§ WHAT YOU ARE ASKED TO DO
Please return the lines below verbatim, beginning at the one that has "2. Praktyczny design" and stopping after the one that has "Follow the same", and add no other lines.

*** Opening of EXERCISE MATERIAL ***

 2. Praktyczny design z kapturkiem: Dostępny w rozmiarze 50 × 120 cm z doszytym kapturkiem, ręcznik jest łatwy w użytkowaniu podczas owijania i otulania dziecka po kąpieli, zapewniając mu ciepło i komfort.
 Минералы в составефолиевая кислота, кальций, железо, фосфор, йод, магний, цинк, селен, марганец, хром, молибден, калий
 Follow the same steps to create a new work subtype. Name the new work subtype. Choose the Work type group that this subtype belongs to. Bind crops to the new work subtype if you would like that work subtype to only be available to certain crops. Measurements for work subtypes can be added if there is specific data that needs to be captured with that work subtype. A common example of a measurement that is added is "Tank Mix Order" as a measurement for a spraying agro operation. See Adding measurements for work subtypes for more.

*** Close of EXERCISE MATERIAL ***
*** Opening of EXERCISE MATERIAL ***

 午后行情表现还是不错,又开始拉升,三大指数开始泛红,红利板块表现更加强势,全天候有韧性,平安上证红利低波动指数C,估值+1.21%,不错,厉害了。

*** Close of EXERCISE MATERIAL ***

§ ANSWER SPACE
 2. Praktyczny design z kapturkiem: Dostępny w rozmiarze 50 × 120 cm z doszytym kapturkiem, ręcznik jest łatwy w użytkowaniu podczas owijania i otulania dziecka po kąpieli, zapewniając mu ciepło i komfort.
 Минералы в составефолиевая кислота, кальций, железо, фосфор, йод, магний, цинк, селен, марганец, хром, молибден, калий
 Follow the same steps to create a new work subtype. Name the new work subtype. Choose the Work type group that this subtype belongs to. Bind crops to the new work subtype if you would like that work subtype to only be available to certain crops. Measurements for work subtypes can be added if there is specific data that needs to be captured with that work subtype. A common example of a measurement that is added is "Tank Mix Order" as a measurement for a spraying agro operation. See Adding measurements for work subtypes for more.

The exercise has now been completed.